正直最近は千雨と二人で話す機会が無かったし。千雨分が足りて無かった。補給、補給。
「よくアスナ達に捕まらなかったな」
「あいつ等の行動パターンは把握済みだ。抜け出すのは難しく無い」
「流石。頭の回転が速いね」
ケタケタと笑う。まぁ結構簡単だしなぁ。
俺の所にもメールは来たけど、千雨に頼まれてスルーしておいたし。
「春休みか。どう過ごそうかね」
「どっか遊び行くか? 旅行でも可」
「中学生二人でか?」
「誤魔化す位どうにでも出来るさ」
海外なら偽装パスポートはもちろん、飛行機ならファーストクラス、ホテルならスイート。最高級を揃えるだろう。
いや、別に偽装である必要は無いんだが。中学生でもちゃんとパスポートは発行してくれるし。
もちろん、金はどこから出るんだよ。という当然の疑問は出る訳だが。
そんな問題は『馬券』とか『競輪』とかで解決する訳で、いや、中学生がそう言うのやっていいかっていうと駄目なんだけどね。
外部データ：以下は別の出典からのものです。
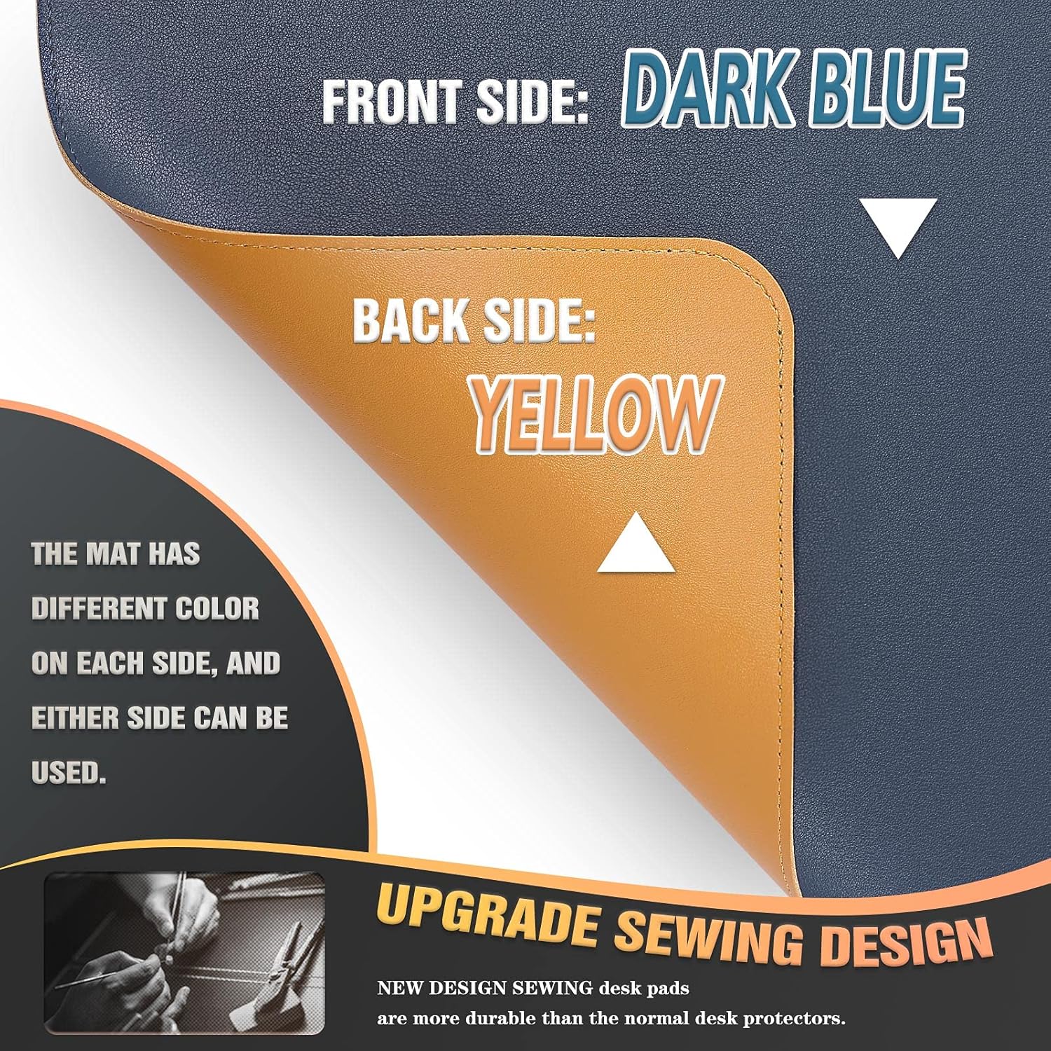 K KNODEL Desk Mat, Blotter, Dual-Sided Office Desk Pad, Waterproof Desk Mat for Desktop, Desk Blotters, PVC Leather Pad Protector (Dark Blue, 35.4" x 17")
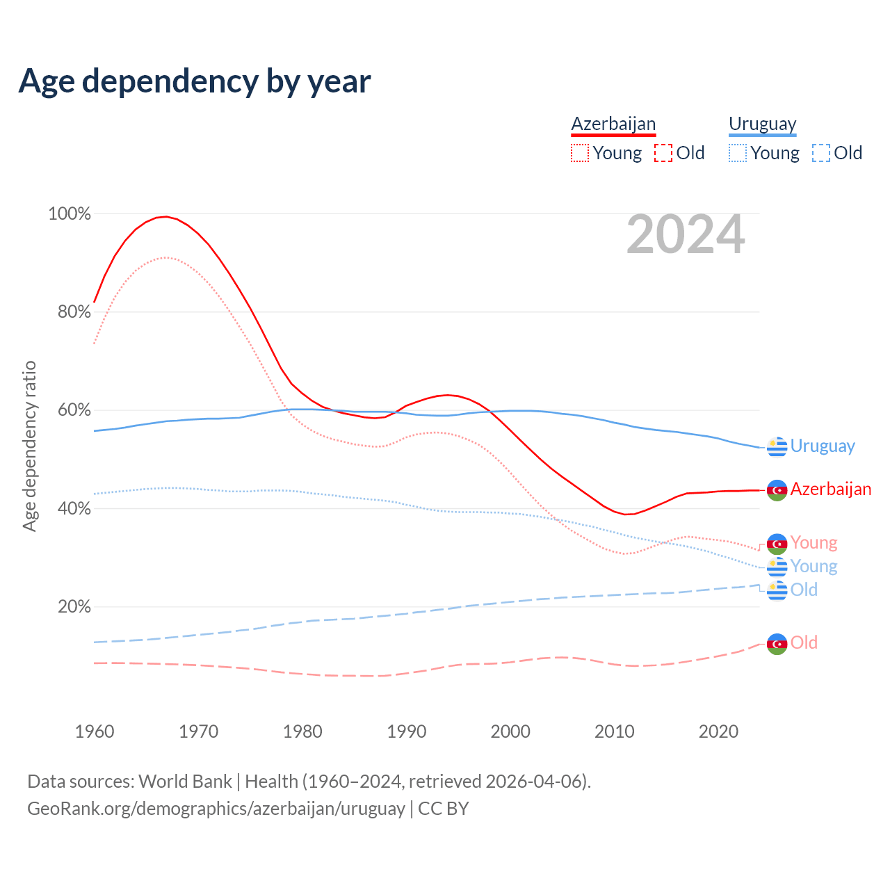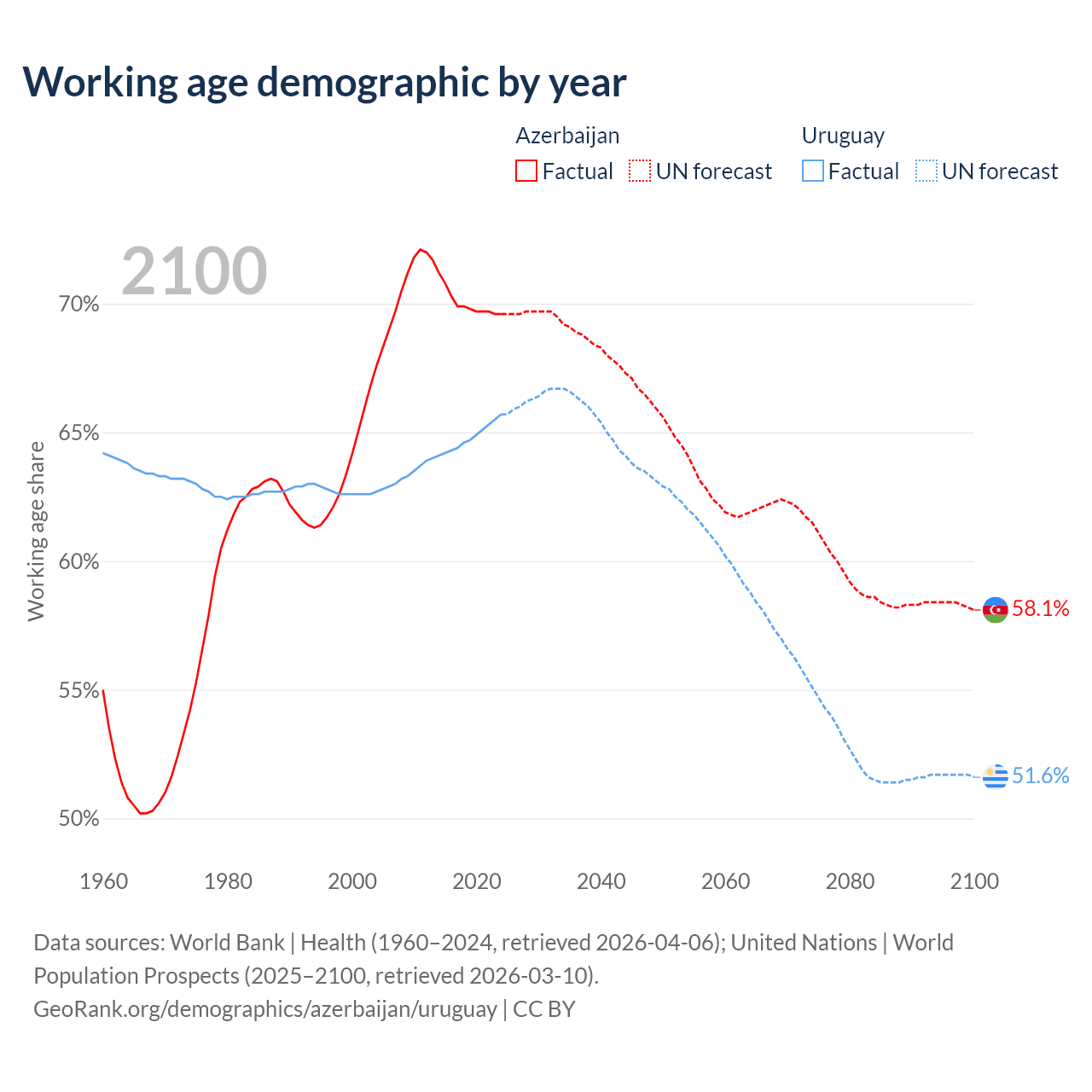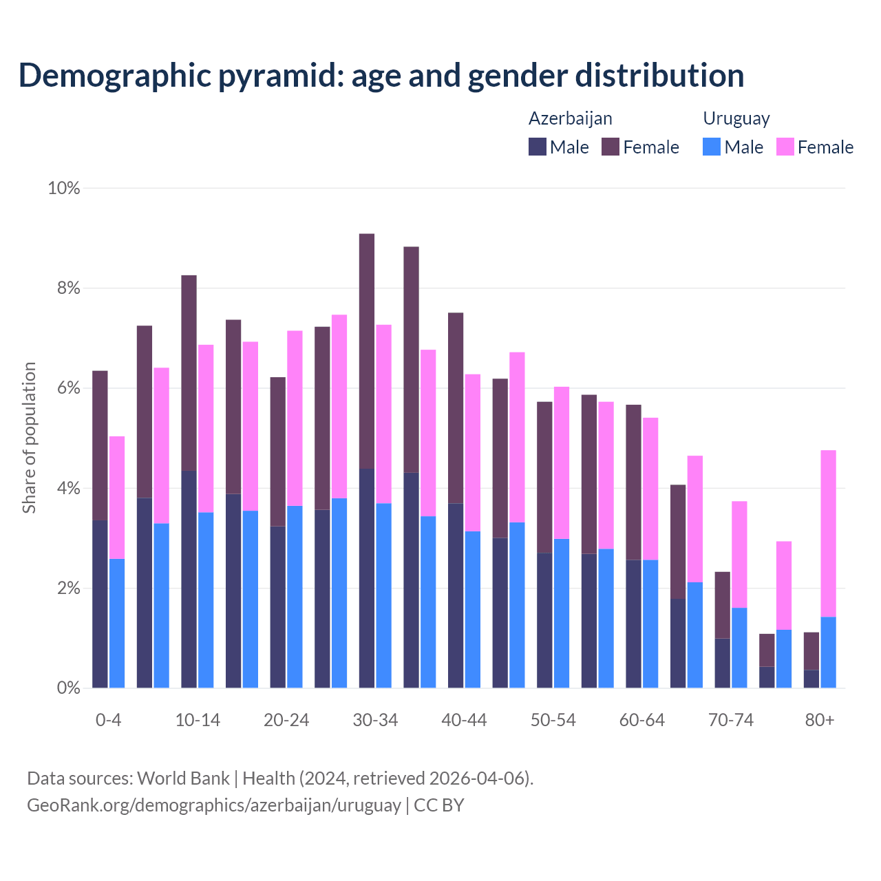 - Azerbaijan is ranked 82/196 by median age (oldest to youngest) vs 63/196 for Uruguay.

実際には『SMG』の資金を使ってる訳だし。金なら腐るほどある。使うときは使わないとなぁ。とは思う。
「温泉でも行く?」
「何でだよ……どうせなら行った事の無い場所とか行ってみたいな」
「北海道とか九州とか?」
「何でそんな端っこばっかりだよ。四国とか東北とかでもいいだろ。何なら海外でもいいけど……いや、流石に中学生二人で海外は無いか」
俺としては別にどこでもいいんだけど。
海外か、治安が良くて観光に向いている場所をリストアップしてみるかな。
国内でもいいけど、どこに行こうか。
それにしても、春休みは本当にどうやって過ごそう。